Но вместе с зернышками магары в желудок попадало большое количество неотвеянной, удивительно твердой шелухи. Острыми краями шелуха впивалась в желудок, кишечник, и редкий организм мог с нею справиться. Очень скоро наступала непроходимость кишечника, сопровождавшаяся ужасными болями и смертью.
Только наевшись магаровой баланды, многие поняли весь ужас своего положения, перепуганно приуныли и целыми днями висели на краю зловонной ямы, пытаясь проволочной петлей извлечь затвердевшую пищу. Но было уже поздно.
Полные бачки баланды стояли под стеной казармы, и никто уже к ним не подходил.
Дней через восемь магаровая баланда сменилась обычной грязной бурдой. К тому времени добрая половина военнопленных перекочевала из карантина «на волю» — в заблаговременно отрытые огромные могильные ямы.
В первых числах июля на утренней поверке появился комендант лагеря — пожилой обер-лейтенант в поношенном неряшливом мундире. На его плоском лице пасынком пристроился большой мясистый нос, сплошь покрытый густой сеткой фиолетовых жилок. Тяжелые отечные мешки оттягивали выцветшие глаза книзу. Углы губ брезгливо опущены, отчего мясистая нижняя губа вывернулась, и казалось, что к подбородку приклеился кусок сырого мяса.
Пока тянулась поверка, он безучастно стоял в стороне, удерживая на поводке поджарую линяющую овчарку.
После поверки офицеров построили отдельно, остальным скомандовали разойтись, перейти на другую сторону казармы.
На поверочном плацу осталось человек сто.
Комендант медленно, словно крадучись, пошел вдоль строя, прилипая взглядом к лицам пленных. Люди поеживались, переминались с ноги на ногу. Смотреть ему в глаза было так же трудно, как смотреть в глаза сумасшедшему.

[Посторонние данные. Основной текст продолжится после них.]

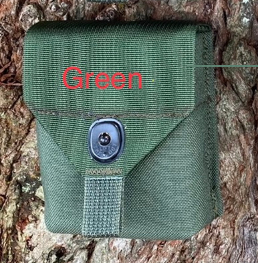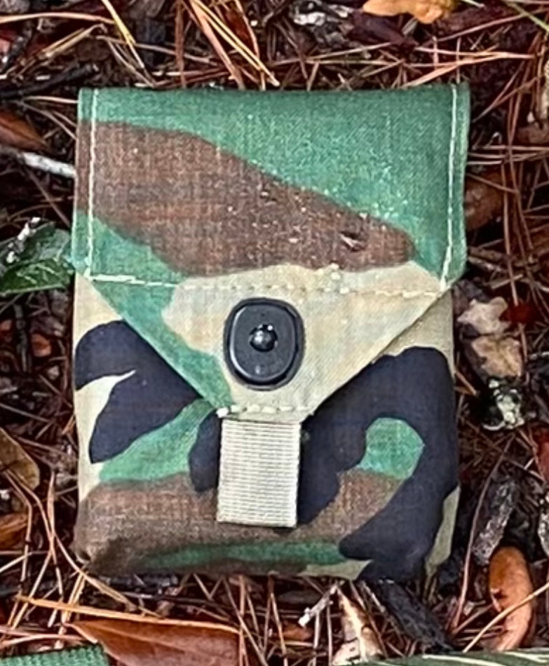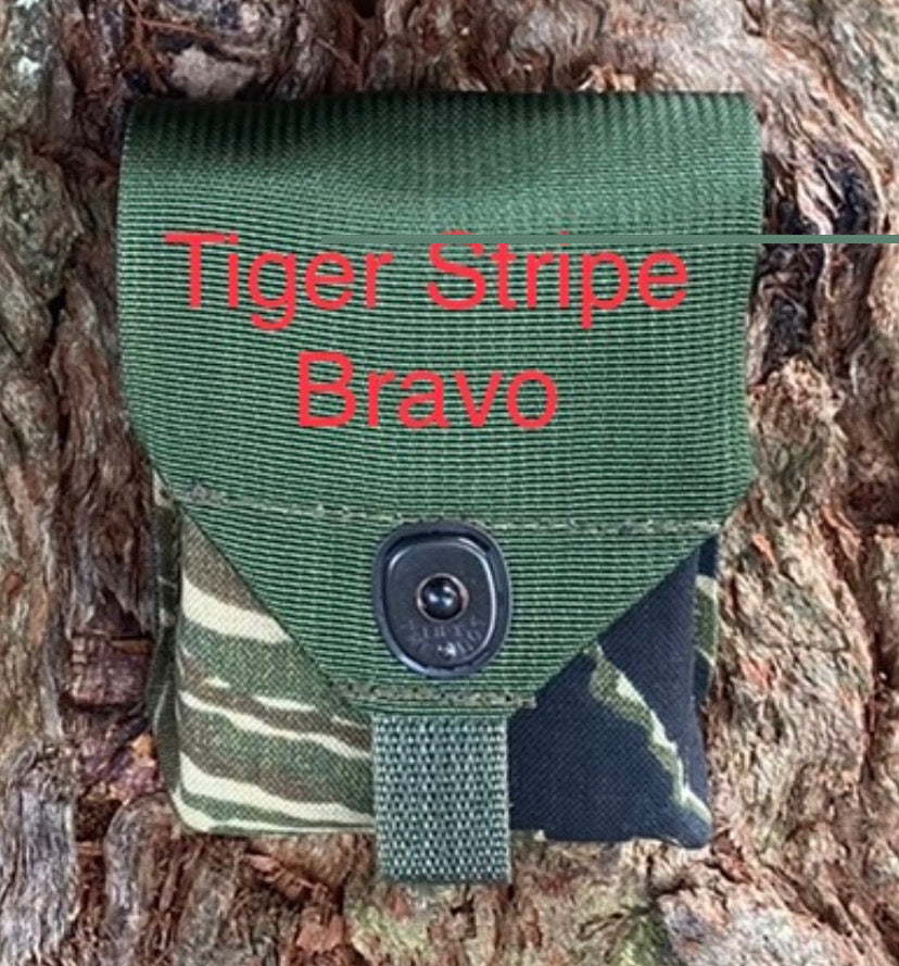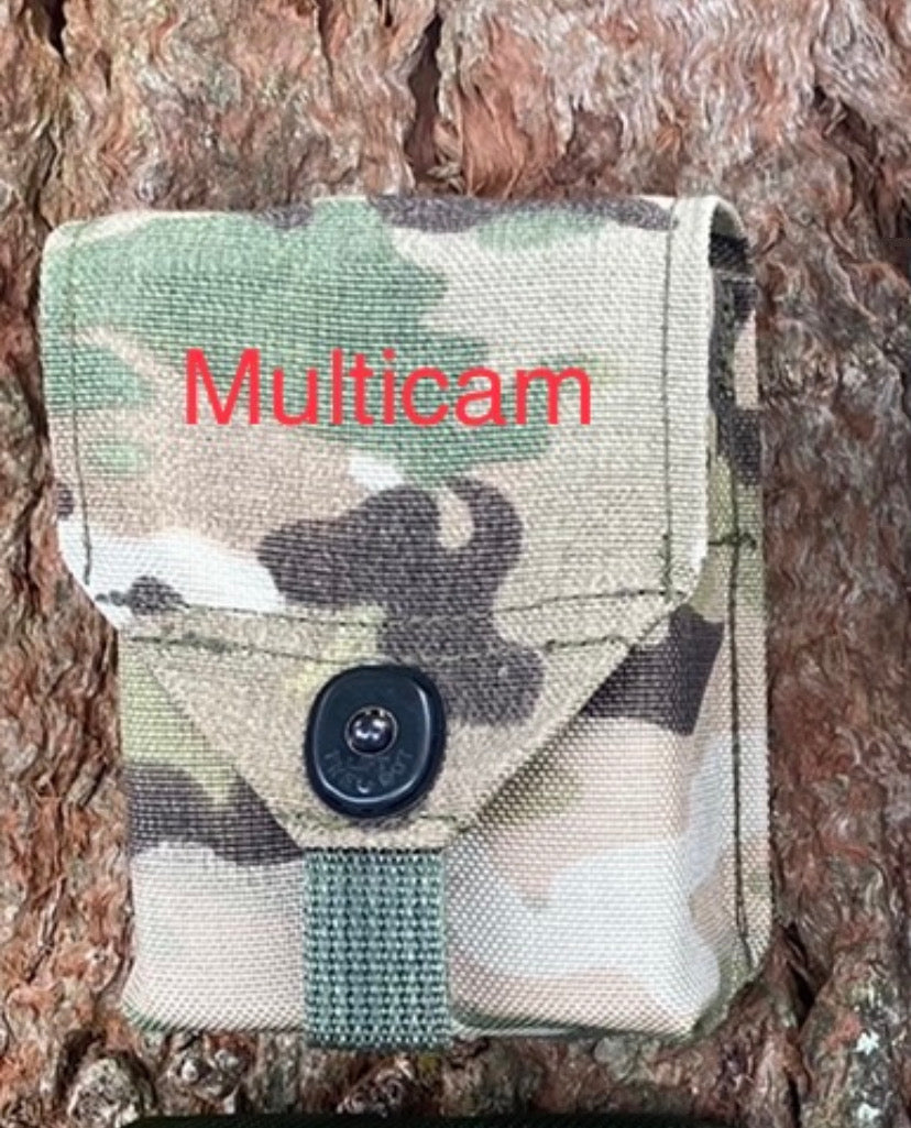 Fantastic upgrade to the old ALICE style “compass pouch." A bit bigger and more capable. Very handy! Our compass pouch is designed to hold more than just a compass. It will hold compass, small signal mirror, emergency whistle, fresnel lens, and fire starter (matches or Bic or similar). Now with laser cut Hypalon back panel. Designed to attach to pack shoulder strap with strips of double-sided hook & loop (included). Can also use MOLLE attachments such as MOLLE Sticks, MALICE Clips, etc. (Note: These are NOT INCLUDED). Made in U.S.A. with 1000D Cordura nylon (Multicam, Woodland, Green, and Coyote Brown) and 500D Cordura nylon (Vietnam Tiger Stripe). Internal dimensions: 3" wide x 4" tall x 1.5" front-to-back. Lift-The-Dot snap. Attach with included 1/2" or 3/4" or 1" double-sided hook and loop - VELCRO® Brand ONE-WRAP or similar (included) or MALICE Clips or MOLLE Sticks or similar (not included).

— Евреям выйти из строя! — скомандовал он по-русски. — На раздумье даю две минуты.
Голос у него осипший, видимо от постоянного перепоя.
Строй не шелохнулся. Невольно внутрь заполз холодок: «Вот оно, началось».
Две минуты прошли. Вялость коменданта исчезла бесследно.
— Построиться в одну шеренгу!
Пока мы перестраивались, в карантин быстро вошли четверо автоматчиков, остановились напротив.
— Снять штаны!
Раздумывать и ожидать повторения не приходилось.
— Бистро, бистро! — подгонял комендант.
Сопровождаемый фельдфебелем, он вновь двинулся вдоль шеренги пленных, опустивших головы от стыда и унижения. Теперь он уже не смотрел в лица, а медленно переходил от одного к другому, иногда останавливаясь перед кем-нибудь на короткое время. Собака нетерпеливо повизгивала, рвалась с короткого поводка, а нас, подвергнутых этому дикому осмотру, пробирала нервная дрожь.
Против одного из пленных комендант задержался дольше обычного.
— Еврей?
Побелевший парнишка утвердительно качнул головой. В тот же миг, почуяв свободу, собака рванулась вперед.
В воздухе зазвенел исступленный крик. Натренированный пес впился клыками в несчастного еврея и, раздирая когтями бедро, потянул его по плацу. Хилый паренек, закатив глаза, беспорядочно отмахивался руками, пытаясь отбиться от серого зверя, но через несколько шагов, запутавшись ногами, споткнулся, упал. По плацу покатился неловкий ком, черня землю пятнами крови.